X_test = (X_test - X_train_mean) / X_train_std
print(X_train)
[[-0.79930181 -0.50039069 -0.65253323 ...,  0.26139757  1.95726617
  -1.68962135]
 [ 2.29112205  2.73758014  1.06699689 ...,  2.34536206  1.93503937
   1.12829706]
 [ 0.53831044  0.57492273  1.16703611 ...,  0.7128446  -0.32139495
  -0.63908639]
 ...,
 [-0.58745154 -0.03303521 -0.12096889 ...,  0.41261994 -0.29773626
   0.69609949]
 [-0.81462223 -0.63824131 -1.31190193 ...,  0.19084111 -0.04924745
   0.16164643]
 [ 1.53152094 -0.06017667 -0.46178048 ...,  0.44287204  1.9893673
   0.6404793 ]]
In [7]:
sequential = rm.Sequential([
    rm.Dense(128),
    rm.Relu(),
    rm.Dense(64),
    rm.Relu(),
    rm.Dense(1)
])
In [8]:
batch_size = 128
epoch = 15
N = len(X_train)
optimizer = Sgd(lr=0.01)
learning_curve = []
test_learning_curve = []

for i in range(epoch):
    perm = np.random.permutation(N)
    loss = 0
    for j in range(0, N // batch_size):
        train_batch = X_train[perm[j*batch_size : (j+1)*batch_size]]

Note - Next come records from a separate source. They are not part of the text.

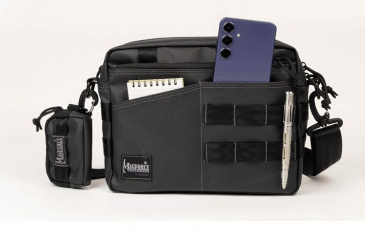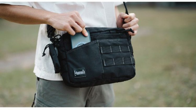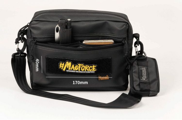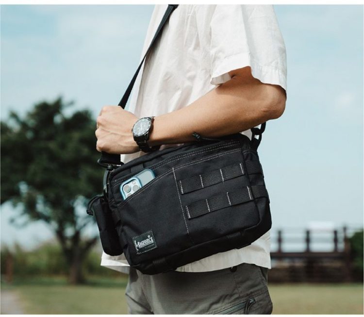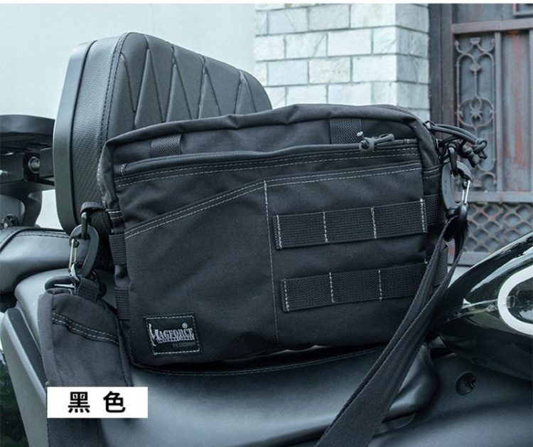 麦格霍斯 MAGFORCE 0346A 斜挎包采用 500D 防水尼龙面料,侧面设计了插袋、魔术贴和织物带模组,方便外挂附件,内部用于随身物品收纳,适合通勤使用。
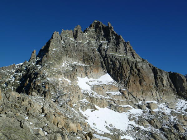 Der Schnee von den Vortagen war schon fast wieder geschmolzen, die Kletterstellen schon fast alle wieder aper. Nur die obere Gipfeletappe und das Abstiegscouloir waren noch ziemlich schneebedeckt (ca. 30 cm). Vorallem beim Abstieg ist Vorsicht angesagt. Pickel und Steigeisen sind aber nicht notwendig.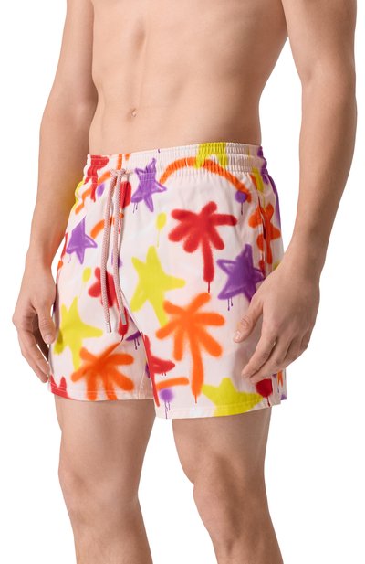 Плавки-шорты с тропическим принтом Summer Lovers Sunset помогут создать яркий пляжный образ. Модель с эластичным поясом-кулиской и небольшими разрезами по бокам выполнили из полиэстера стрейч.

        response_batch = y_train[perm[j*batch_size : (j+1)*batch_size]]

        with sequential.train():
            z = sequential(train_batch)
            l = rm.sigmoid_cross_entropy(z, response_batch)
        grad = l.grad()
        grad.update(optimizer)
        loss += l.as_ndarray()
    train_loss = loss / (N // batch_size)
    z_test = sequential(X_test)
    test_loss = rm.sigmoid_cross_entropy(z_test, y_test).as_ndarray()

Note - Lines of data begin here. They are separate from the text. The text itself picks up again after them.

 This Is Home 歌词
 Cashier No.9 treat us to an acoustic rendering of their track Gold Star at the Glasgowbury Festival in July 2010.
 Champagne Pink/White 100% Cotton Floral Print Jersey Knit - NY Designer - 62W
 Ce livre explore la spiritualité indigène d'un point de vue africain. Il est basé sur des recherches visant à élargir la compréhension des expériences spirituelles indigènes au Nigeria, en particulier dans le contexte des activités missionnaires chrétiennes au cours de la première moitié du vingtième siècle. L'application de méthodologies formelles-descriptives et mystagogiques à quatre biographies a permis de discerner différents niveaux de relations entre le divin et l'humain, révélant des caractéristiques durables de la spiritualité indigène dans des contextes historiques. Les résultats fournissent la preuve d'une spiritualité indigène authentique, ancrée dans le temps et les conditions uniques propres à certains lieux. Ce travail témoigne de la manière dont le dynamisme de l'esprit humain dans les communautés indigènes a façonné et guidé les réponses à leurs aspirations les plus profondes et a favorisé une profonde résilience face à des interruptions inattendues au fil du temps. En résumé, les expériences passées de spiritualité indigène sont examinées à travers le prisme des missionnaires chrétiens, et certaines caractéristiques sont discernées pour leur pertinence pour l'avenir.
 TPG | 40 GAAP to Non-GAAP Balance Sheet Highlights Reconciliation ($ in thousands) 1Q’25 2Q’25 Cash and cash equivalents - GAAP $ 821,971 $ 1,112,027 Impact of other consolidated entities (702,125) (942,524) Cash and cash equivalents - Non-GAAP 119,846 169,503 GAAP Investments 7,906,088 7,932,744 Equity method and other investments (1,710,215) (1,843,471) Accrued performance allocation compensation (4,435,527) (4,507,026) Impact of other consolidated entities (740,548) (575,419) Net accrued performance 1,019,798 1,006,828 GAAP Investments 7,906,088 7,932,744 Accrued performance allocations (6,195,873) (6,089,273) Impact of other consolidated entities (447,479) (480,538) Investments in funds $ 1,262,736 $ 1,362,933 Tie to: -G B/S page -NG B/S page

    test_learning_curve.append(test_loss)
    learning_curve.append(train_loss)
    print("epoch:{:03d}, train_loss:{:.4f}, test_loss:{:.4f}".format(i, float(train_loss), float(test_loss)))
epoch:000, train_loss:0.5887, test_loss:0.5197
epoch:001, train_loss:0.4879, test_loss:0.4550
epoch:002, train_loss:0.4434, test_loss:0.4235
epoch:003, train_loss:0.4203, test_loss:0.4054
epoch:004, train_loss:0.4068, test_loss:0.3931
epoch:005, train_loss:0.3967, test_loss:0.3845
epoch:006, train_loss:0.3883, test_loss:0.3784
epoch:007, train_loss:0.3820, test_loss:0.3715
epoch:008, train_loss:0.3773, test_loss:0.3670
epoch:009, train_loss:0.3725, test_loss:0.3629
epoch:010, train_loss:0.3690, test_loss:0.3598
epoch:011, train_loss:0.3660, test_loss:0.3562
epoch:012, train_loss:0.3620, test_loss:0.3537
epoch:013, train_loss:0.3584, test_loss:0.3506
epoch:014, train_loss:0.3564, test_loss:0.3474
Compare to the two case, when we use the standardization, the loss value decreases little faster.
It might standardization change the shape of loss function from elongated to like circle, so the we can avoid the learning go slow.